__WHAT YOU ARE ASKED TO DO__:
Print every line of the listing below, starting with the line that holds "Choose from an" and going on through the line that holds "Sinthorn Summary 8/3/2560", both included, and print nothing else.

__DATASET RECORDS__:
^^^^
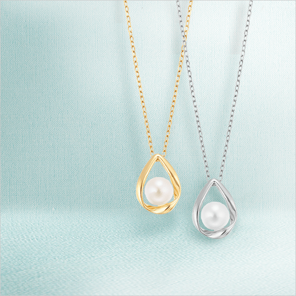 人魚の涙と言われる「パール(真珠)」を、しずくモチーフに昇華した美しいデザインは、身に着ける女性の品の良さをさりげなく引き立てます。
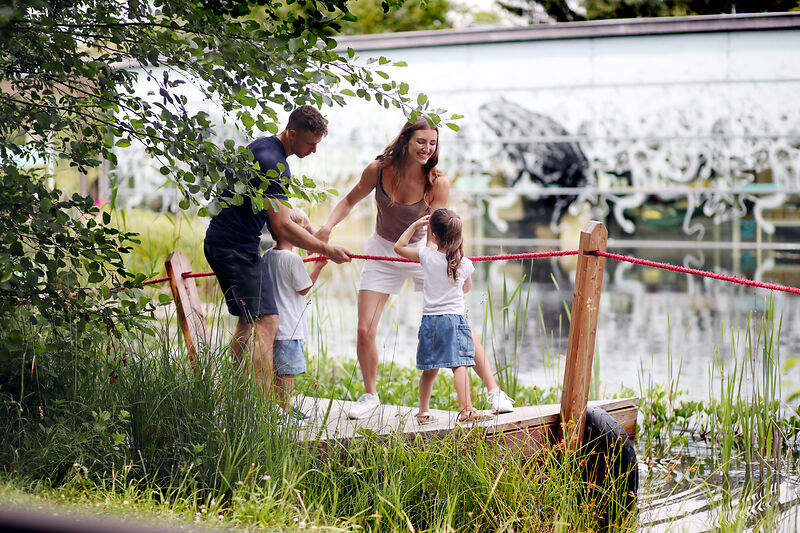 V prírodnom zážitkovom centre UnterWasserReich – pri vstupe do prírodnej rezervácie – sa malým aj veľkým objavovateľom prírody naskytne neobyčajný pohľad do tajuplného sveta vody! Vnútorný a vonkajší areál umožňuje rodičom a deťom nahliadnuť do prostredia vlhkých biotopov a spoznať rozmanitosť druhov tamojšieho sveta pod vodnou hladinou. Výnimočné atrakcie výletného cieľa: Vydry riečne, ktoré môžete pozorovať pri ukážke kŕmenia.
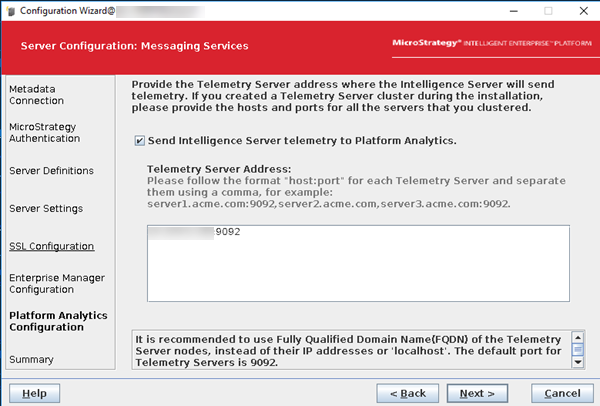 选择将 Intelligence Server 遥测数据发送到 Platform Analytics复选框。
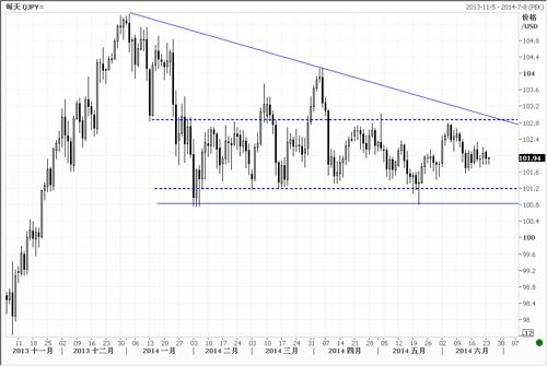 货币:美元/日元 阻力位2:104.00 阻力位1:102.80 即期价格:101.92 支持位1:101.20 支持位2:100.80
^^^^
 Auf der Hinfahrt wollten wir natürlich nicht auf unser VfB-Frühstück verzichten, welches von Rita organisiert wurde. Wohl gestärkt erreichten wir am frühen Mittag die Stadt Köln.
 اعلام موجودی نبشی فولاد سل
^^^^
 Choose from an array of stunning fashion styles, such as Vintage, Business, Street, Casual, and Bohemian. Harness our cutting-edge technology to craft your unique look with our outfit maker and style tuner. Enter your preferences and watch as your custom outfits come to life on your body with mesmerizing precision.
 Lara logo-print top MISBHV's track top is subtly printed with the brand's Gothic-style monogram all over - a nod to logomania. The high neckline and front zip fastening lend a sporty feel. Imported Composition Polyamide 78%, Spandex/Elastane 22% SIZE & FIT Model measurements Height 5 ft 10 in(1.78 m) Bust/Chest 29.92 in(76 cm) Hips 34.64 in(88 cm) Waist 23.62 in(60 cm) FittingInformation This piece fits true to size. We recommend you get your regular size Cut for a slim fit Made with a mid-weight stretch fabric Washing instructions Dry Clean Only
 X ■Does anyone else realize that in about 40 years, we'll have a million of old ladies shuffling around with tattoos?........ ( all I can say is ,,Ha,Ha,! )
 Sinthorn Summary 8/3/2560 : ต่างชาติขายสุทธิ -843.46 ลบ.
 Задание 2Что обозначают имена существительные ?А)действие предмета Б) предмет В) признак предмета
^^^^
__REPLY__:
 Choose from an array of stunning fashion styles, such as Vintage, Business, Street, Casual, and Bohemian. Harness our cutting-edge technology to craft your unique look with our outfit maker and style tuner. Enter your preferences and watch as your custom outfits come to life on your body with mesmerizing precision.
 Lara logo-print top MISBHV's track top is subtly printed with the brand's Gothic-style monogram all over - a nod to logomania. The high neckline and front zip fastening lend a sporty feel. Imported Composition Polyamide 78%, Spandex/Elastane 22% SIZE & FIT Model measurements Height 5 ft 10 in(1.78 m) Bust/Chest 29.92 in(76 cm) Hips 34.64 in(88 cm) Waist 23.62 in(60 cm) FittingInformation This piece fits true to size. We recommend you get your regular size Cut for a slim fit Made with a mid-weight stretch fabric Washing instructions Dry Clean Only
 X ■Does anyone else realize that in about 40 years, we'll have a million of old ladies shuffling around with tattoos?........ ( all I can say is ,,Ha,Ha,! )
 Sinthorn Summary 8/3/2560 : ต่างชาติขายสุทธิ -843.46 ลบ.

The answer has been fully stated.